Keywords: vesicular glutamate transporter; glutamatergic neurons; neurotransmission; mRNA; brain
Introduction
Glutamate is an amino acid present in all types of cells and associated with many cellular functions [1]. In the brain, glutamate acts as the main excitatory neurotransmitter and plays important roles in many neuronal processes such as synaptic transmission and neuronal plasticity and also involved in many neurological and psychiatric disorders [2]. Vesicular Glutamate Transporters (VGLUTs) are responsible for uploading glutamate into the synaptic vesicles at the presynaptic terminals to release [3]. These glutamate transporters were previously recognized in mammalian and avian brains and very recently in reptilian brain and marked as a major anatomical and functional marker of glutamatergic transmission [1,4-10]. Three isoforms of VGLUTs (VGLUT1-3) have been identified in mammals and the distribution of their mRNA and protein has been investigated thoroughly in the brain [4,5,11,12]. VGLUT1 and VGLUT2 are considered specific biomarkers of glutamatergic neurons, and they show a complementary distribution pattern in the mammalian brain [4,13]. VGLUT3 is distributed sparsely and is found in a subpopulation of non-glutamatergic neurons that synthesize other neurotransmitters, such as acetylcholine, serotonin, and γ-aminobutyric acid (GABA) in the brain [12,13].
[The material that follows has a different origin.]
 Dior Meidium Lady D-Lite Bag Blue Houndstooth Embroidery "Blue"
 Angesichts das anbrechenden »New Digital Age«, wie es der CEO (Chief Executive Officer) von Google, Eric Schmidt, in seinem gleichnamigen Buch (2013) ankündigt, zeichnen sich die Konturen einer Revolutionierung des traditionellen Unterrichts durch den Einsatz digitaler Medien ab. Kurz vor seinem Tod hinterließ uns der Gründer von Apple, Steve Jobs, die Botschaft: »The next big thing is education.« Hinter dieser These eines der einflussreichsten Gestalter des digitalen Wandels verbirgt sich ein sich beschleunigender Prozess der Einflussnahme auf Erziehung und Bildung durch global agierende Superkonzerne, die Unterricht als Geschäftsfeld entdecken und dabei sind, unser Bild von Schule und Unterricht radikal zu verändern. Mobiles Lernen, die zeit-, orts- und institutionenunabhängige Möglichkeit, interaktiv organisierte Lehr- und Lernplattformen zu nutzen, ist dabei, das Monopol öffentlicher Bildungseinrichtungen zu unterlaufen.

On the other hand, two isoforms of VGLUTs (VGLUT2-3) have been identified in birds and their mRNA distributions have been studied in the pigeon and zebra finch brain with widely expressed VGLUT2 and VGLUT3 only in caudal linear nucleus [8,9,14]. Recently, three isoforms of VGLUTs have also identified in the turtle brain as reptilian model [10]. For the first time VGLUT1-3 mRNAs distribution patterns identified in any reptilian brain in the study of Sarkar & Atoji [10]. Therefore, like as the mammalian and avian brains, these transporters may play some fundamentals roles in reptilian brain also. Previously, multiple VGLUTs isoforms have been identified in many other lower organisms like Drosophila, zebrafish, and frog [15-17]. Taking together, expression patterns of VGLUTs mRNA suggests that they conserve with evolution. However, in the higher brain their differences in distribution patterns have not yet been resolute solely. Therefore, the aim of this study is to identify the differences between the expression patterns of different isoforms of VGLUTs in mammalian, reptilian, and avian brain.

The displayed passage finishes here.